当 IFS 有默认值并且打印的数组不带引号时,解释后的值没有引号,但当 IFS 没有空格时,它就会有。
使用 echo Web 服务器和curl 来演示为什么这会产生影响:
bash-5.2$ echo $BASH_VERSION
+ echo '5.2.21(1)-release'
5.2.21(1)-release
bash-5.2$ declare -a test=([0]="-H" [1]="foo: bar")

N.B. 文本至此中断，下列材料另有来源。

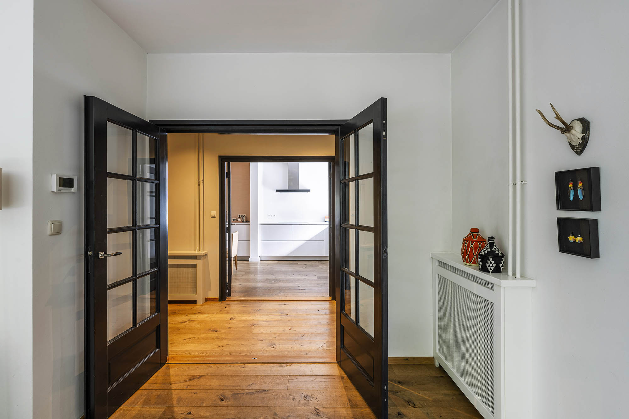 Das Familienhaus in Laren liegt ruhig hinter der Fassade eines reetgedeckten Bauernhauses, das nur über einen diskreten Kiesweg erreichbar ist. Diese abgeschiedene Lage bietet eine ausgewogene Kombination aus Privatsphäre und Komfort mit großzügigen Parkmöglichkeiten auf dem Grundstück sowie Zugang zum Ortszentrum. Schon beim Betreten des Hauses verspürt man ein Raumgefühl, das an diesem Standort selten zu finden ist. Das Wohnzimmer erstreckt sich über die gesamte Breite des Hauses und empfängt dank französischer Türen viel Licht, was einen fließenden Übergang in den sonnigen Garten mit Schatten spendenden Platanen schafft. Ein Kamin bildet den Mittelpunkt des Raumes, während eine separate Arbeitsecke Funktionalität und Wohnkomfort ergänzt. Die moderne, hochwertig ausgestattete Wohnküche sowie das separate Fernsehzimmer tragen zu einem entspannten Alltag bei. Im Obergeschoss sind drei Schlafzimmer durchdacht angeordnet, darunter ein Raum, der für die Wäsche genutzt wird. Das elegante Badezimmer ist mit Badewanne, Waschtisch und WC ausgestattet. Eine feste Treppe führt ins oberste Geschoss, wo sich die Master Suite mit maßgefertigtem Schrank und eigenem Bad als privater Rückzugsort präsentiert. Flexibilität ist das Herzstück dieser Immobilie: Der großzügige Grundriss erlaubt Schlafmöglichkeiten im Erdgeschoss und macht das Haus generationenübergreifend nutzbar. Das Haus umfasst 157 m² Wohnfläche auf einem 310 m² großen Grundstück sowie natürliche Belüftung, gedämmte Dächer und Böden, teilweise doppelt verglaste Fenster und Komfort der Energieklasse C. Alle Annehmlichkeiten des Ortes sind schnell erreichbar, während Wald und offene Landschaft nur eine kurze Radtour entfernt liegen. Für alle, die ein vielseitiges und einladendes Zuhause im Herzen von Laren suchen, bietet dieses Familienhaus diskreten Charme und ruhigen Luxus.

+ test=(['0']='-H' ['1']='foo: bar')
+ declare -a test
bash-5.2$ declare -p test
+ declare -p test
declare -a test=([0]="-H" [1]="foo: bar")
bash-5.2$ IFS=$' \t\n'
+ IFS='
'
bash-5.2$ declare -p IFS
+ declare -p IFS
declare -- IFS=$' \t\n'
bash-5.2$ echo ${test[@]}
+ echo -H foo: bar
-H foo: bar
bash-5.2$ curl [::1] ${test[@]}
+ curl '[::1]' -H foo: bar
GET / HTTP/1.1
Host: [::1]
User-Agent: curl/8.5.0
Accept: */*
curl: (6) Could not resolve host: bar
bash-5.2$ echo "${test[@]}"
+ echo -H 'foo: bar'
-H foo: bar
bash-5.2$ curl [::1] "${test[@]}"
+ curl '[::1]' -H 'foo: bar'
GET / HTTP/1.1
Host: [::1]
User-Agent: curl/8.5.0
Accept: */*
foo: bar
bash-5.2$ IFS=$'_\t\n'
+ IFS='_
'
bash-5.2$ declare -p IFS
+ declare -p IFS
declare -- IFS=$'_\t\n'
bash-5.2$ echo ${test[@]}
+ echo -H 'foo: bar'
-H foo: bar
bash-5.2$ curl [::1] ${test[@]}
+ curl '[::1]' -H 'foo: bar'
GET / HTTP/1.1
Host: [::1]
User-Agent: curl/8.5.0
Accept: */*
foo: bar
bash-5.2$ echo "${test[@]}"
+ echo -H 'foo: bar'
-H foo: bar
bash-5.2$ curl [::1] "${test[@]}"
+ curl '[::1]' -H 'foo: bar'
GET / HTTP/1.1
Host: [::1]
User-Agent: curl/8.5.0
Accept: */*
foo: bar
为什么从 IFS 中删除空格(无论您将空格放在哪里,也无论您是否用其他字符替换空格;例如下划线)会导致这种不同的行为? output 上 IFS 的唯一值是第一个字符,无论空格在哪里都会导致意外行为。
IFS
用于分割参数扩展的结果,根据手册中的Word Splitting:
The shell scans the results of parameter expansion, command substitution,
and arithmetic expansion that did not occur within double quotes for word splitting.
The shell treats each character of $IFS as a delimiter, and splits
the results of the other expansions into words using these characters
as field terminators.
当
IFS
包含空格时,未加引号的扩展 foo: bar
会被拆分为两个单词 foo:
和 bar
。当您从 IFS
中删除空格时,不会发生这种拆分,因此调试输出显示 'foo: bar'
以指示这是命令行上的单个单词,而不是像空格可能指示的两个单词。